Love Letters to Congress and Who Gets Magic Dragoned Between FSI and First Post

I added a new tab in this blog for Love Letters to Congress and Other Notes. I will try to update the page as I am able with appropriate selections. But I hope somebody out there will volunteer to curate the online collection and give it the attention it deserves, a sort of an oral history, the blog edition for the Foreign Service.  

I must add that I have now gotten off this joy ride to nowhere — for real — so whatever Congress do to the locality pay will have no effect on my household income. But I still look at this as a fairness issue for those who remains in the Service. I just hope you all don’t get get stuck in the OCP fight. If you are a member of the FS community, your main mission if you decide to accept it — ta-da! –is to to help educate Congress and the American public about your work and your life abroad in the service of this country. Congress is not the enemy, ignorance is.
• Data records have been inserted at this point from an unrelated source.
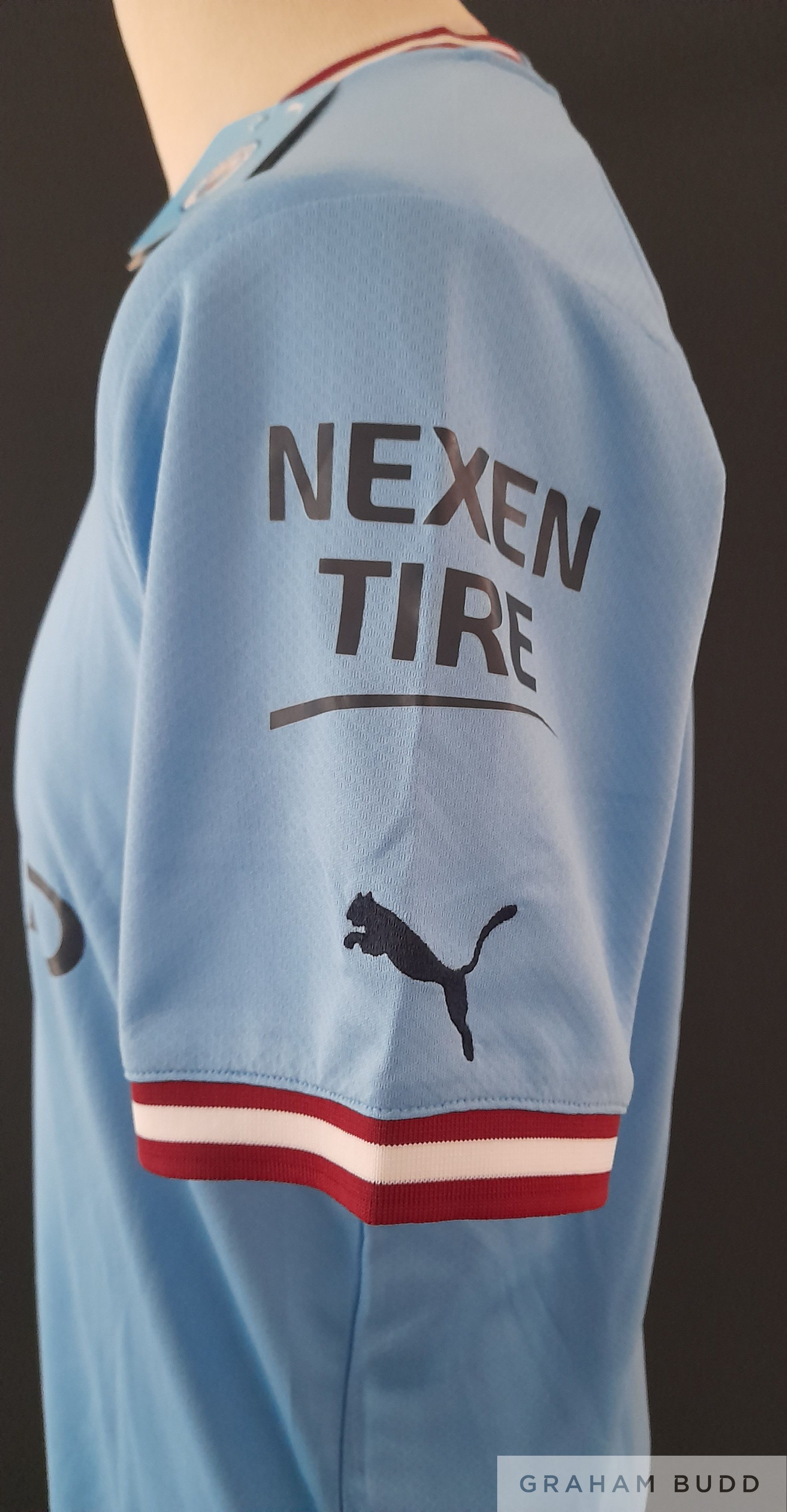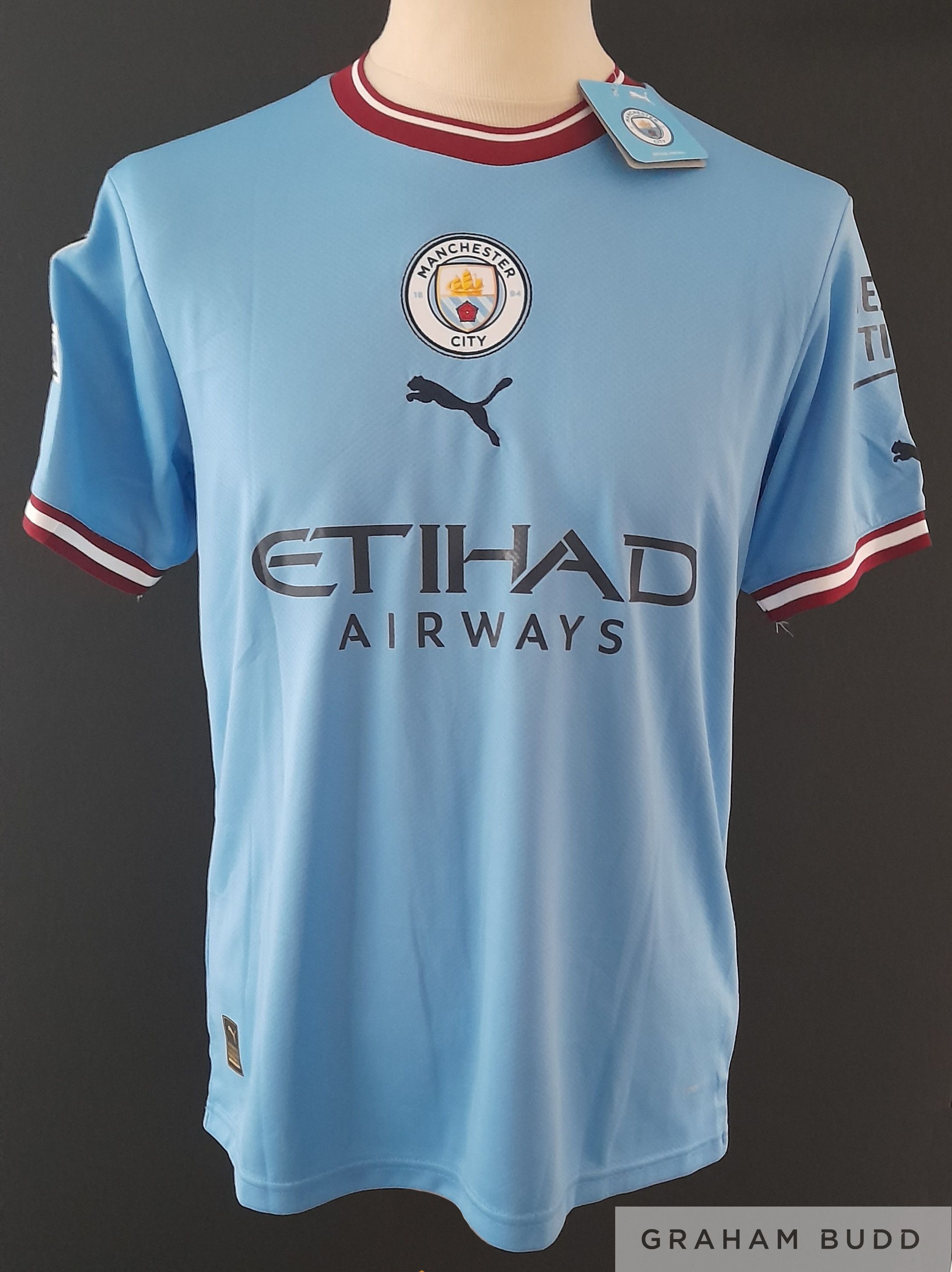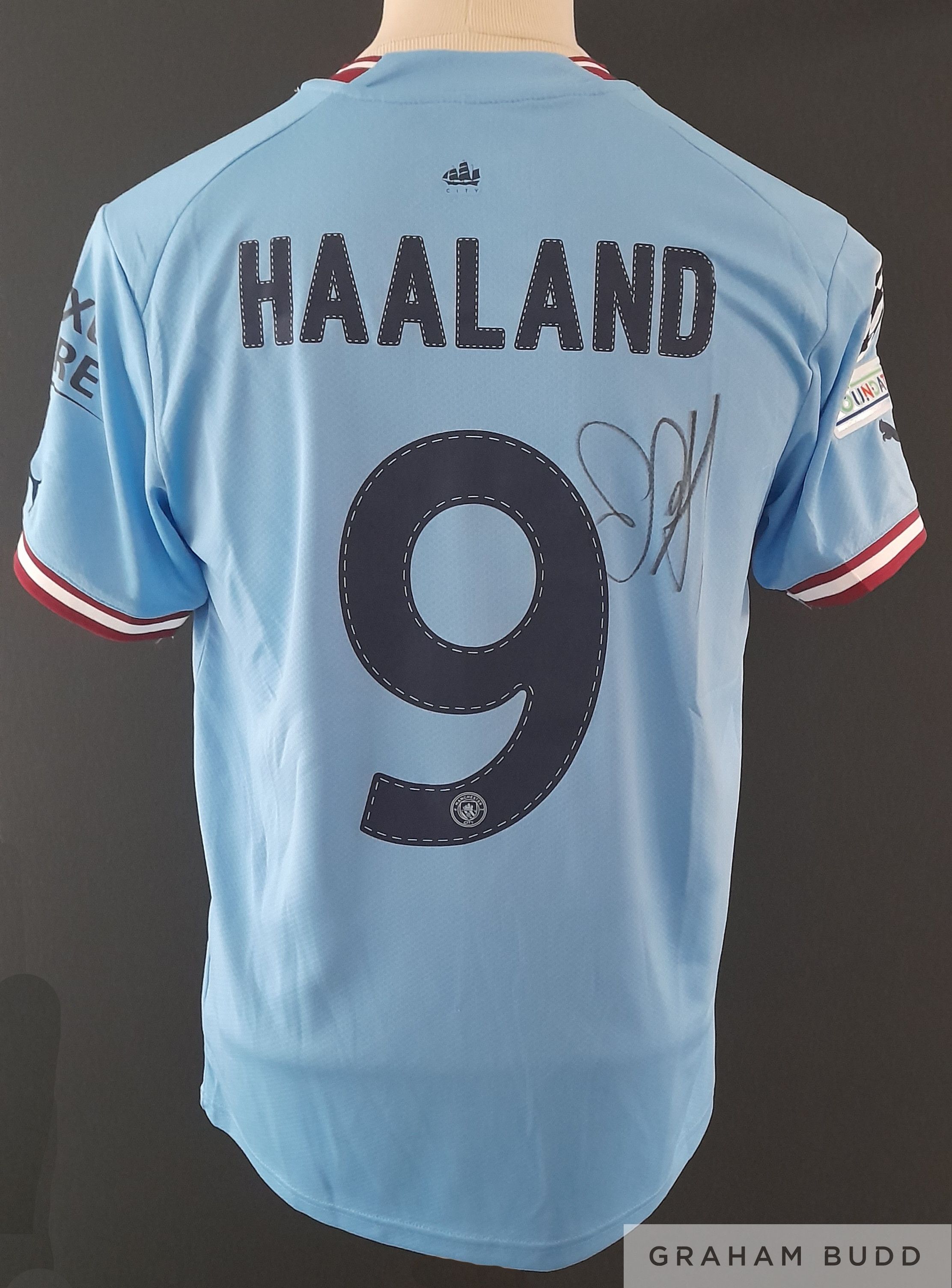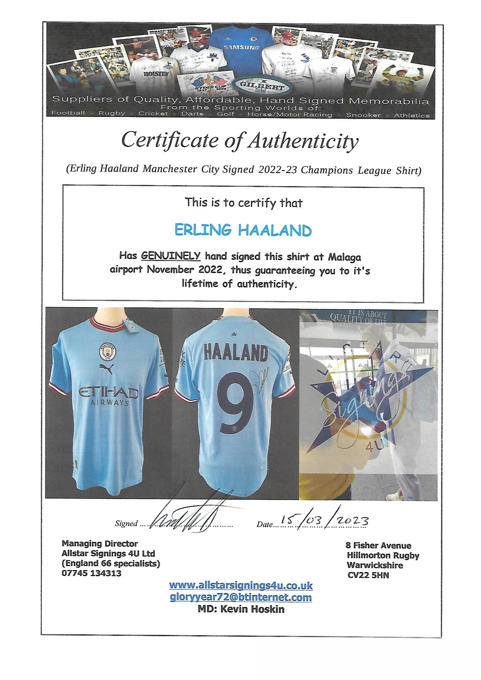 Erling Haaland signed Manchester City 2022-23 Champions League shirt, which is brand new with tags still attached. Haaland signed whilst coming out of Malaga airport November 2022 whilst out warm weather training. Comes complete with COA and incorporating photograph of Erling signing
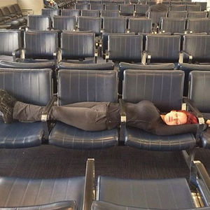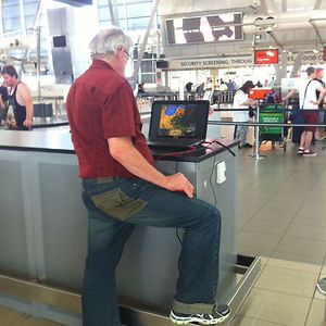 My Buddy Spotted This Guy At The Airport On The Moving Walkway, Sitting In A Chair, Eating McDonalds While Catching Pokemon
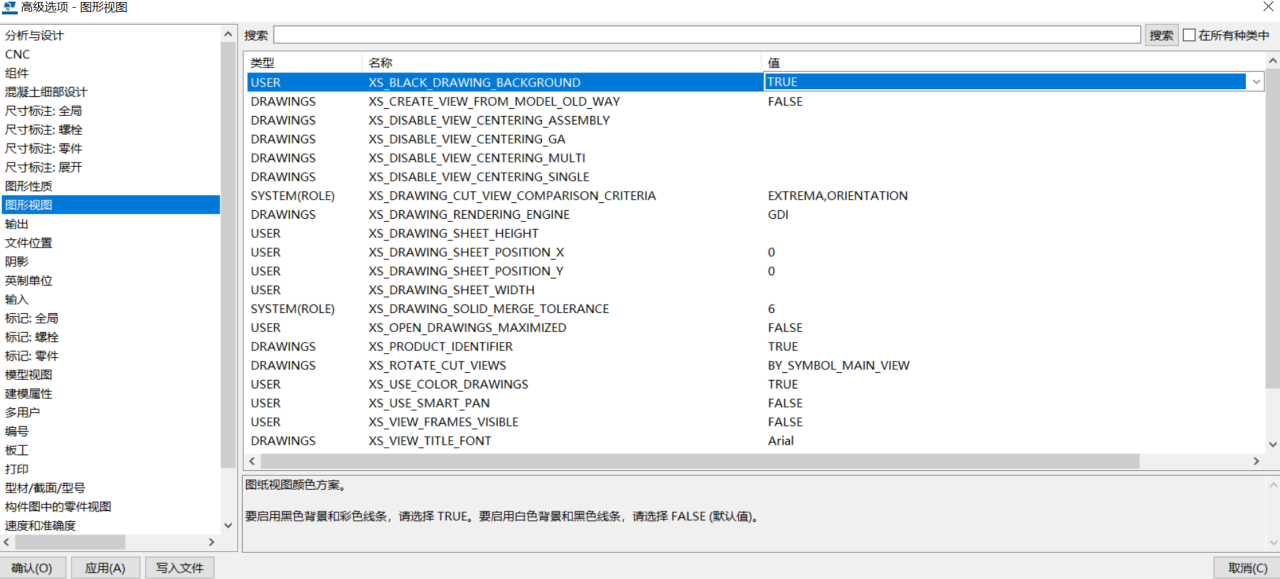 Tekla Structures21.1及之前默认图纸视图背景颜色是白色,Tekla2016及以后默认图纸视图背景颜色是白色,由于每个人的使用习惯不同,Tekla Structure设置了两种背景颜色供大家选择,可在设置—高级选项—图形视图中设置XS_BLACK_DRAWING_BACKGROUND=TRUE(默认为False),即可获得黑色图纸视图背景(需要将图纸视图全部关闭重新打开才会起作用)。
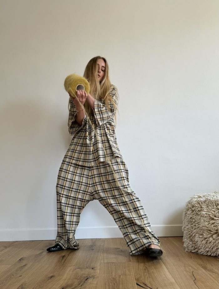 Pantalon « GASTON » dans un sublime tartan stretch en lin et viscose. Une coupe loose et minimaliste, style japonisant, fond de pantalon bas, poches, taille sur élastique, une pièce stylée et unique.
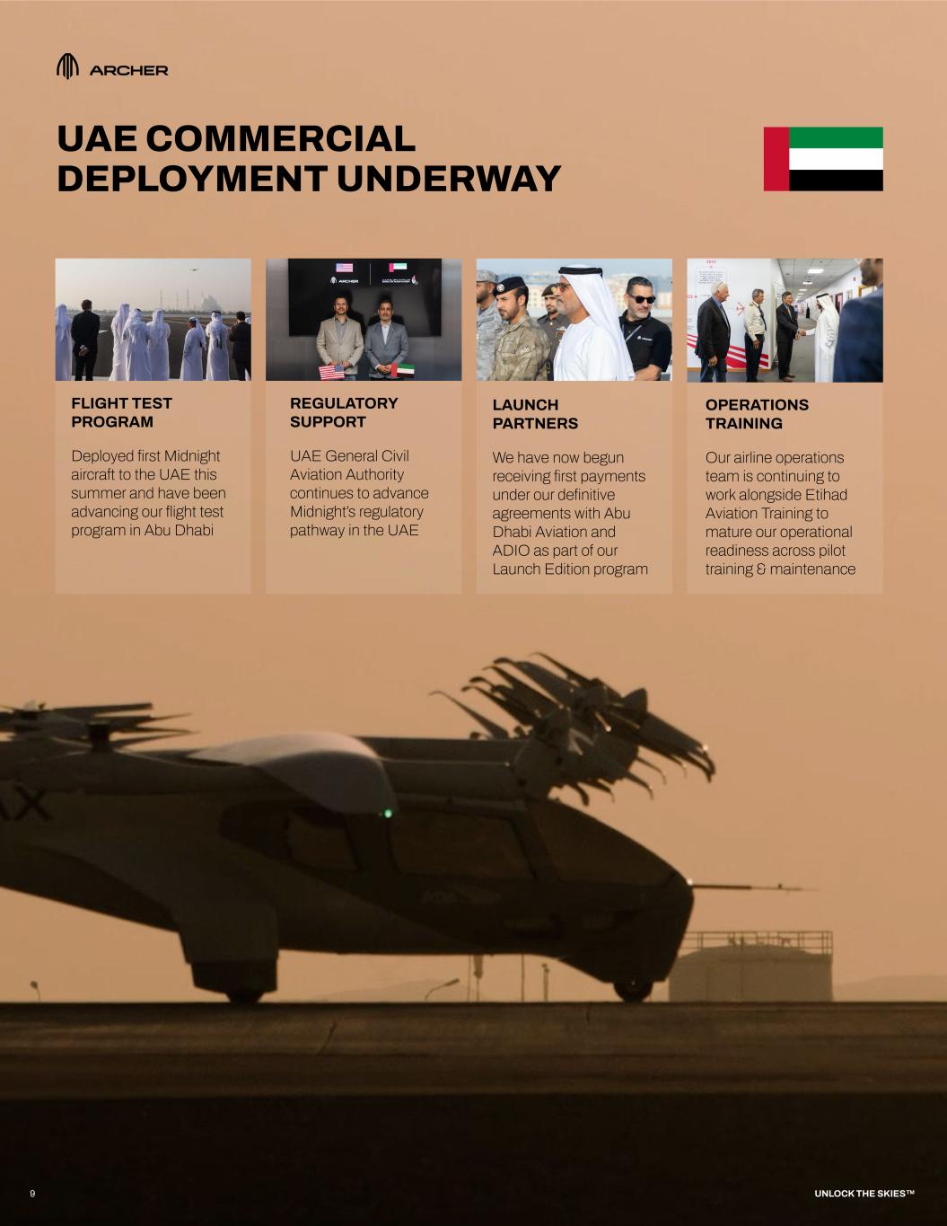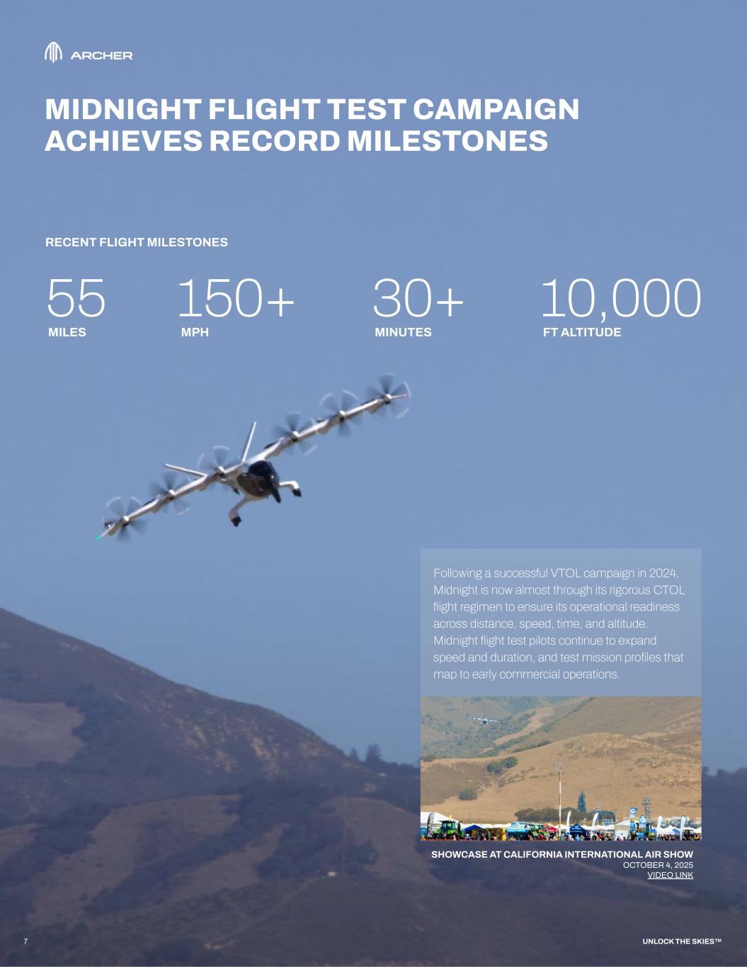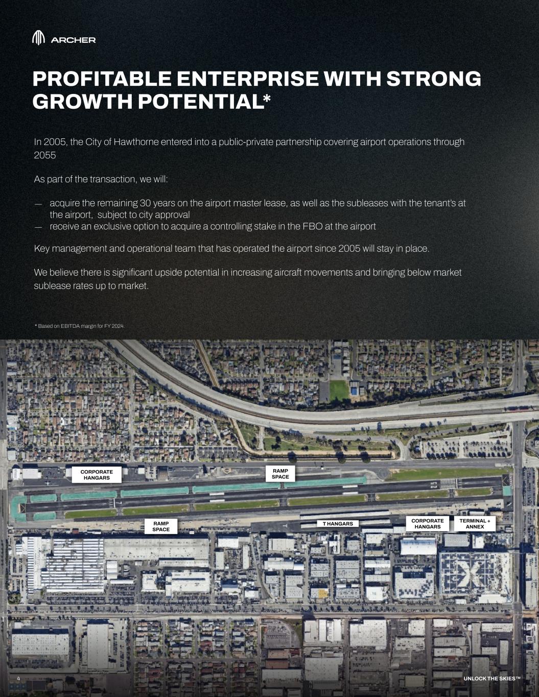 Financial Position Reinforced Our Sector-Leading Balance Sheet Raised $650M of new equity capital, reinforcing our sector-leading balance sheet taking our total liquidity to now over $2B. Quarterly Spend Within Range Our Q3'25 spending landed within our guided range and included planned investments to support the company's growth trajectory. 2 UNLOCK THE SKIES™ ACQUISITION OF LOS ANGELES AIRPORT AS STRATEGIC AIR TAXI NETWORK HUB AND AI TESTBED Signed definitive agreements to acquire control of one-of-a-kind aviation asset in L.A., Hawthorne Airport, for $126M1 in cash. The airport is located in the heart of the city, less than three miles from LAX, and the closest airport to some of the city’s biggest destinations — SoFi Stadium, The Forum, Intuit Dome, and Downtown L.A.. We plan for the airport to serve as the operational hub for our planned L.A. air taxi network and, as a testbed for the AI-powered aviation technologies we are developing and plan to deploy with our airline and technology partners. MIDNIGHT ACHIEVES RECORD FLIGHT MILESTONES TOWARD CERTIFICATION We’ve recently showcased several key performance milestones with our Midnight aircraft— including flights surpassing 50 miles in range and 10,000 feet of altitude. Additionally, Midnight flew demonstration flights on both days of the California International Airshow allowing tens of thousands of spectators to experience how quiet the aircraft is in flight. UAE COMMERCIAL DEPLOYMENT UNDERWAY & STRONG DEMAND ACROSS APAC In the UAE, we delivered and began flying Midnight in Abu Dhabi over the summer alongside our partner, Abu Dhabi Aviation. Following the commencement of our in-country flight testing, in October, we hosted the UAE General Civil Aviation Authority at our HQ to continue to rapidly advance our UAE regulatory pathway. Across Asia, we strengthened our international reach through marquee partnership announcements with Korean Air, as well as Japan Airlines’ and Sumitomo’s joint venture, Soracle, in Tokyo & Osaka. LILIUM PATENT PORTFOLIO ACQUISITION Closed acquisition of Lilium’s portfolio for $21M, giving Archer access to key next-generation technology in ducted fans, high-voltage systems, flight controls, electric engines, and propellers. This acquisition expands Archer’s global portfolio to over 1,000 assets, giving it one of the strongest portfolios in the industry. 1 Acquisition price includes the acquisition of the master lease of the Hawthorne Airport, as well as certain subleases held by the seller parties with tenants at the airport. The acquisition price does not include Archer’s rights to purchase a controlling stake in the fixed base operator (FBO) at the airport, develop additional hangar space at the airport, the potential performance based earnout to certain seller parties or certain bank debt to be assumed as part of the acquisition. For more information, see “Management’s Discussion and Analysis - Recent Developments” in Archer’s Form 10-Q filed on November 6, 2025. The acquisition remains subject to the satisfaction of certain agreed-upon closing conditions.
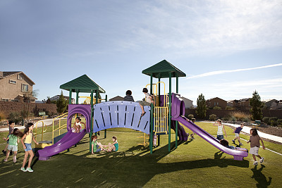 在楼下的游乐场里相遇,含饴弄孙,岂不美哉
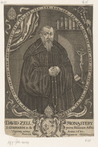Editor: This is Nicolas de Larmessin's "Portret van Rosso Fiorentino," from 1682, held here at the Rijksmuseum. It’s a print, an engraving, really detailed. It's giving me strong Baroque vibes, all those swirling lines...I wonder, what’s your take on this portrait? Curator: Ah, yes. An engraving that tries to hold a man. Larmessin's Fiorentino stares off, seemingly lost in thought, a cascade of beard consuming his chest, and the eyes...have you ever noticed how much the eyes communicate in these portraits? What do they tell you, here? Editor: Well, I see… determination? Maybe a bit of melancholy? It's hard to tell. What strikes me is the detail in his hands—they look so expressive! Curator: Exactly! Look how the lines carve out his veins, his knuckles, as if revealing the map of a life dedicated to craft. There's such care lavished on hands that themselves are the vehicle for creating beauty. It speaks to the very nature of artistry, doesn't it? An interesting juxtaposition. It looks like the artist is making an implicit link between artistry and perhaps aging as well, since those kind of very careful lines detailing someone's hands don't usually apply to a young subject. Editor: That’s a great point. I hadn’t considered that the artist wanted to say something about aging through his rendering of the hands and maybe the facial details. So interesting. Curator: Absolutely. Portraits like this whisper stories of artists honoring other artists. I can appreciate Larmessin capturing the humanity, capturing the tools, and his hand perhaps suggesting something about the person. In some ways all art is really about memory. Editor: Memory—I love that thought to leave with.
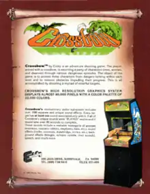 Crossbow is a light gun shooter video game released in arcades by Exidy in 1983.[1] It was later published by Absolute Entertainment for the Commodore 64 and MS-DOS, and by Atari Corporation for the Atari 2600, Atari 7800, and Atari 8-bit family starting in 1987.[2] The game is controlled via a positional gun that resembles a full-sized crossbow.
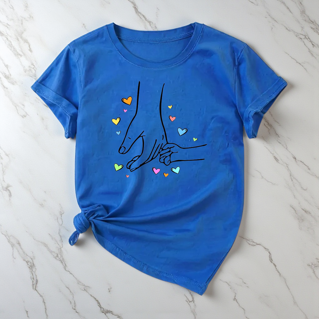 Camiseta Feminina Mãe e Filha Amor Colorida Minimalista Manga Curta Casual 100% Algodão
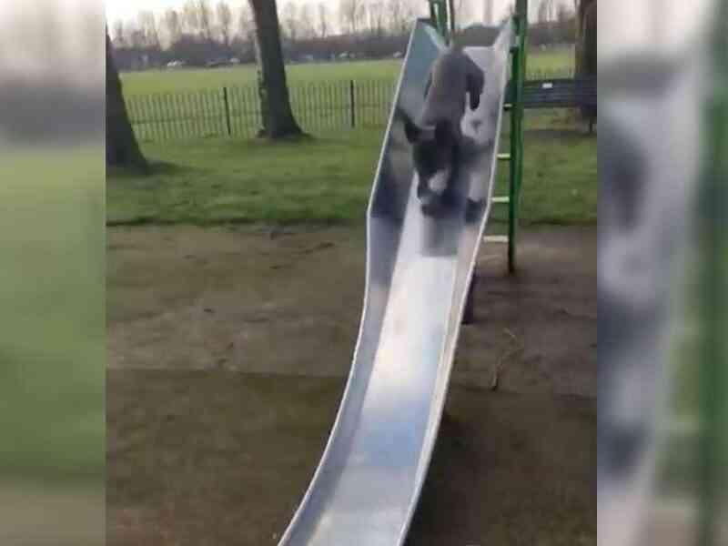 Ahora puedes leer el artículo de UpSocl sobre Bulldog se lanza por un resbalín y en la mitad sale disparado. Cae con fuerza pero él es más fuerte.

The U.S. State Department as an organization has never been good at explaining its work to Congress and the American people. You don’t believe me? Ask your neighbors what they know about Foreign Service Officers, and they’d probably ask which foreign country these officers serve. If you tell them, the United States of America, they’d probably ask if these officers are, you know … real Americans, being foreign and all. And those who are able to identify them as American diplomats would inevitably bring up the words, “pinstriped, cookie pushers,” “cocktails”, “elite” and most recently, of course, “voluptuous blond” and “WikiLeaks.” To others they are nothing more than visa stampers and passport shufflers. A good number of the American public who travel overseas have no reason to see them at US embassies or consulate unless they have lost their passports, marry or adopt a foreigner, lands in the foreign hospital or jail, survives a plane crash, is a victim of crime, is evacuated, or in a host of other emergency crises abroad.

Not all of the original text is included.